WORK INSTRUCTIONS
Omit the images, then print each record below exactly as it reads.

Stored entries
····················

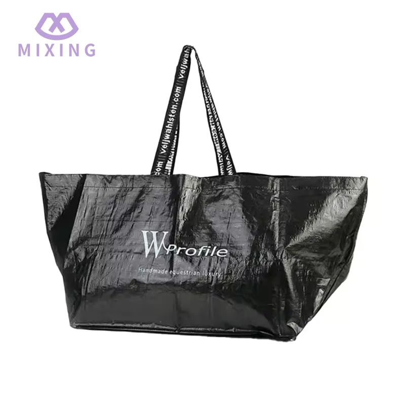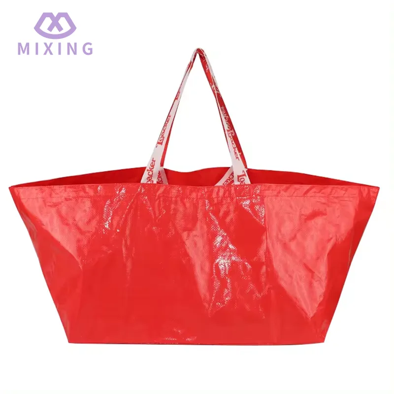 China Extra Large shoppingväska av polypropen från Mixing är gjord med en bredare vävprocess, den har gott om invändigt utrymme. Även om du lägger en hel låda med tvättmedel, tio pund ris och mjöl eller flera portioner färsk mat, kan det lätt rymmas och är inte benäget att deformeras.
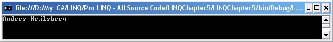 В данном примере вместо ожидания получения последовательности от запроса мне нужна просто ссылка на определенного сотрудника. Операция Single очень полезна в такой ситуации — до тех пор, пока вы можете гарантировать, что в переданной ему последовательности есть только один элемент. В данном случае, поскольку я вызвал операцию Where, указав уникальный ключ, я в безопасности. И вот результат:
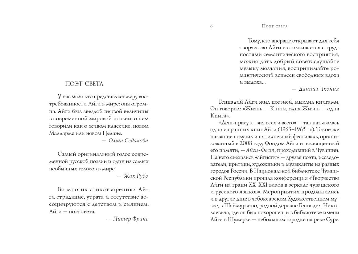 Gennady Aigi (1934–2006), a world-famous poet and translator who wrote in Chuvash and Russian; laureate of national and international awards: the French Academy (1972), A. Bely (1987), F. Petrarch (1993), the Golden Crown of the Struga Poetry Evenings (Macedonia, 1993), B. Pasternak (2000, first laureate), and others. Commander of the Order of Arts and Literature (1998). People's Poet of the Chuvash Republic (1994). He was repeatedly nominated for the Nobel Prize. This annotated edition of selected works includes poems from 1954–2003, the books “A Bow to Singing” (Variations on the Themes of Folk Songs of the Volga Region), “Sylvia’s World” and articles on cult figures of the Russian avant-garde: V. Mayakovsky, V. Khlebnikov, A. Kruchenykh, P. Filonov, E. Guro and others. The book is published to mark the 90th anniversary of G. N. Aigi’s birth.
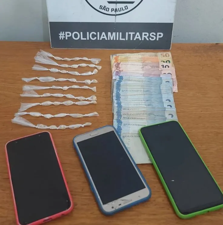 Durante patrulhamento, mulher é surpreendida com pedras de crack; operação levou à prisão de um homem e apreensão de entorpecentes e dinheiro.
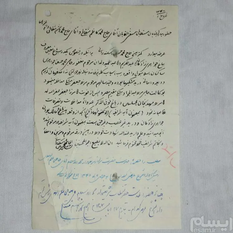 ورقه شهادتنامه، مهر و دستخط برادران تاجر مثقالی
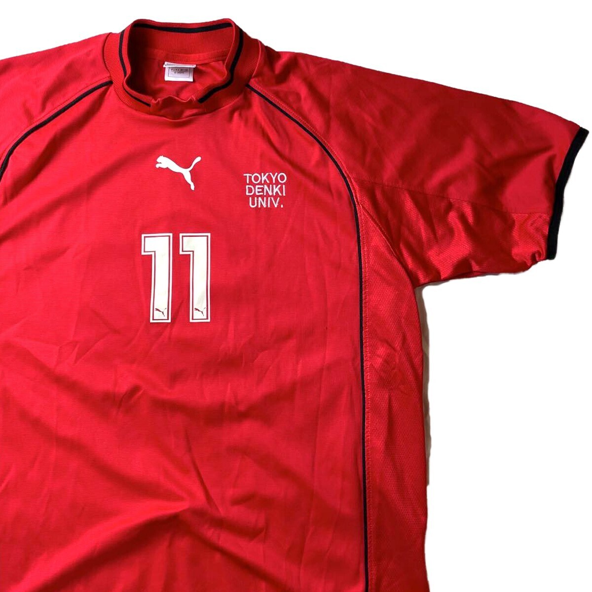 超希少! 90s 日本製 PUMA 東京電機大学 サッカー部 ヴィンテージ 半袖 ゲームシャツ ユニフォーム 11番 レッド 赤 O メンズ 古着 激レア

····················

ANSWER SECTION
 China Extra Large shoppingväska av polypropen från Mixing är gjord med en bredare vävprocess, den har gott om invändigt utrymme. Även om du lägger en hel låda med tvättmedel, tio pund ris och mjöl eller flera portioner färsk mat, kan det lätt rymmas och är inte benäget att deformeras.
 В данном примере вместо ожидания получения последовательности от запроса мне нужна просто ссылка на определенного сотрудника. Операция Single очень полезна в такой ситуации — до тех пор, пока вы можете гарантировать, что в переданной ему последовательности есть только один элемент. В данном случае, поскольку я вызвал операцию Where, указав уникальный ключ, я в безопасности. И вот результат:
 Gennady Aigi (1934–2006), a world-famous poet and translator who wrote in Chuvash and Russian; laureate of national and international awards: the French Academy (1972), A. Bely (1987), F. Petrarch (1993), the Golden Crown of the Struga Poetry Evenings (Macedonia, 1993), B. Pasternak (2000, first laureate), and others. Commander of the Order of Arts and Literature (1998). People's Poet of the Chuvash Republic (1994). He was repeatedly nominated for the Nobel Prize. This annotated edition of selected works includes poems from 1954–2003, the books “A Bow to Singing” (Variations on the Themes of Folk Songs of the Volga Region), “Sylvia’s World” and articles on cult figures of the Russian avant-garde: V. Mayakovsky, V. Khlebnikov, A. Kruchenykh, P. Filonov, E. Guro and others. The book is published to mark the 90th anniversary of G. N. Aigi’s birth.
 Durante patrulhamento, mulher é surpreendida com pedras de crack; operação levou à prisão de um homem e apreensão de entorpecentes e dinheiro.
 ورقه شهادتنامه، مهر و دستخط برادران تاجر مثقالی
 超希少! 90s 日本製 PUMA 東京電機大学 サッカー部 ヴィンテージ 半袖 ゲームシャツ ユニフォーム 11番 レッド 赤 O メンズ 古着 激レア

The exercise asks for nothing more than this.